(Stored dataset items)
________________________________________

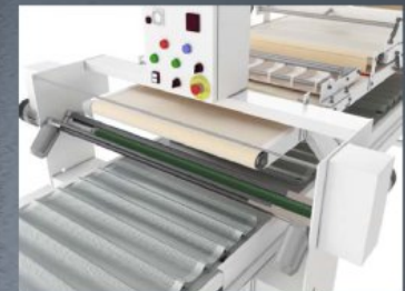
The dual action aligner/depositor allows several pieces to be deposited per tray channel. Die Tandem-Zentrier-Absetzvorrichtung ermöglicht das Absetzen mehrerer Stücke pro Blechkanal.
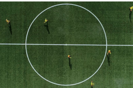
Szenenfoto aus dem Film Nachspiel
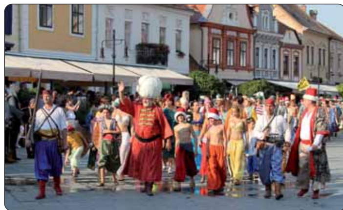
Dolazak Sulejmana i njegovih podanikov

dom veliki vezir tumači zapovid Sulejmanov za predaju, dokle Jurišić odgovara, nij' predaje, pripremi su na krvoprolivanje i smrt, ali ljubljene grad Kisege ne daju. Još jedan napad, još jedna bitka, još jedan poziv na juriš, prošlost se pred našimi očmi odigrava, a u zadnjem ispadu braniteljev pojavi se i lik Sv. Martina. Na ov prizor se spuščaju u bižanje i po legendi Turki i na ov način se spasi grad Kisege, i svi branitelji. Publika zadovoljno aplaudira,
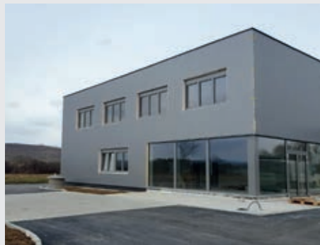
Die Firmen D-Life (links) und Zierlinger (rechts) werden noch heuer ihre Geschäfte eröffnen.

________________________________________

[EXERCISE]:
Copy the data word for word and omit every picture.

[ANSWER TO THE PROBLEM]:
The dual action aligner/depositor allows several pieces to be deposited per tray channel. Die Tandem-Zentrier-Absetzvorrichtung ermöglicht das Absetzen mehrerer Stücke pro Blechkanal.
Szenenfoto aus dem Film Nachspiel
Dolazak Sulejmana i njegovih podanikov

dom veliki vezir tumači zapovid Sulejmanov za predaju, dokle Jurišić odgovara, nij' predaje, pripremi su na krvoprolivanje i smrt, ali ljubljene grad Kisege ne daju. Još jedan napad, još jedna bitka, još jedan poziv na juriš, prošlost se pred našimi očmi odigrava, a u zadnjem ispadu braniteljev pojavi se i lik Sv. Martina. Na ov prizor se spuščaju u bižanje i po legendi Turki i na ov način se spasi grad Kisege, i svi branitelji. Publika zadovoljno aplaudira,
Die Firmen D-Life (links) und Zierlinger (rechts) werden noch heuer ihre Geschäfte eröffnen.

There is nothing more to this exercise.